Élections législatives en Albanie : l’émergence de l’Alliance rouge et noire redessine-t-elle l’échiquier politique ?

Les Albanais éliront le 23 juin prochain leur Assemblée. Le bipartisme installé entre le Parti démocrate de Sali Berisha, au pouvoir, et le Parti socialiste d’Edi Rama pourrait être bousculé par de nouvelles formations politiques comme le mouvement nationaliste de l’Alliance rouge et noire.

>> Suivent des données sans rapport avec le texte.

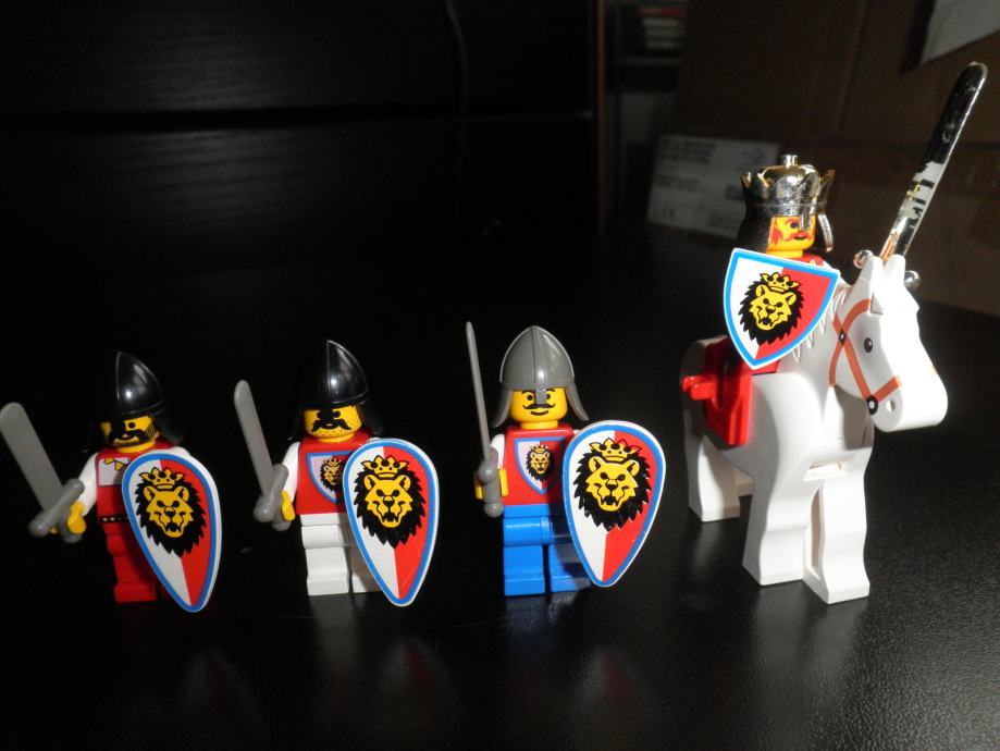 Prodajem original lego figure, lavlji vitezovi sa oružjem i štitovima i kralj na konju sa mačem i štitom ( kralj na konju sa mačem i štitom je prodan ). Cijena pojedinačnog viteza je 65 kn komad, cijena kralja sa konjem 90 kn. Poštarina je 20 kn bez obzira na broj figura koje kupite iz mojih oglasa. Pogledajte i moje druge oglase sa lego castle figurama.

Les élections législatives en Albanie sont marquées par l’opposition entre ces deux partis : le Parti démocrate qui tente un troisième mandat avec son candidat et actuel premier ministre, Sali Berisha, tandis que le chef de l’opposition tente d’imposer une alternance. Les sondages prévoient pour le moment une avance d’environ 10% pour le Parti socialiste. La question reste tout de même posée quant à la montée de l’Alliance rouge et noire. Cette Alliance, menée par Kreshnik Spahiu, a su se faire une place dans le paysage politique albanais en tant que troisième homme. Bien que sa victoire ne soit pas envisagée, une place importante pourrait lui être donnée dans la chambre qui fonctionne sur un scrutin proportionnel.

Affiche de campagne de l'Alliance Rouge et noir

Affiche de campagne de l’Alliance Rouge et noir

Une campagne fondée sur des symboles nationalistes

Depuis le début officiel de la campagne électorale, le 1er avril 2013, l’Alliance rouge et noire assoit sa communication autour de symboles nationalistes, sans proposer un programme politique tangible. L’Alliance reprend des idées nationalistes du XIXe siècle et prône la Grande Albanie, ce qui lui apporte du succès auprès de certains jeunes. Le dernier slogan de Kreshnik Spahiu est « Dieu d’abord, l’Albanie ensuite ». Ce discours flou, à la fois contre le premier ministre actuel qualifié d’« autoritaire » et reprenant un slogan rappelant largement l’inscription sur les ceintures des soldats nazis, « Dieu avec nous », remporte malgré tout un succès. L’Alliance rouge et noire arrive à cristalliser les Albanais mécontents des politiques de gauche et de droite et les jeunes nationalistes.

Si les références de l’Alliance ne semblent pas choquer les Albanais, leur adhésion reste à confirmer comme le prouve le relatif échec de la manifestation organisée le 7 avril 2013 autour du slogan « Un 7 avril sans Berisha », à mettre en relation avec ce même jour où, en 1939, l’occupation fasciste du pays commença. Si le l’Alliance rouge et noire ne sera sans doute pas à l’origine d’un bouleversement politique en Albanie en juin, les sièges qu’elle est à même de remporter pourront lui donner un rôle important dans la formation d’une majorité absolue par le biais d’une coalition, ainsi que pour faire pression sur le système bipartite.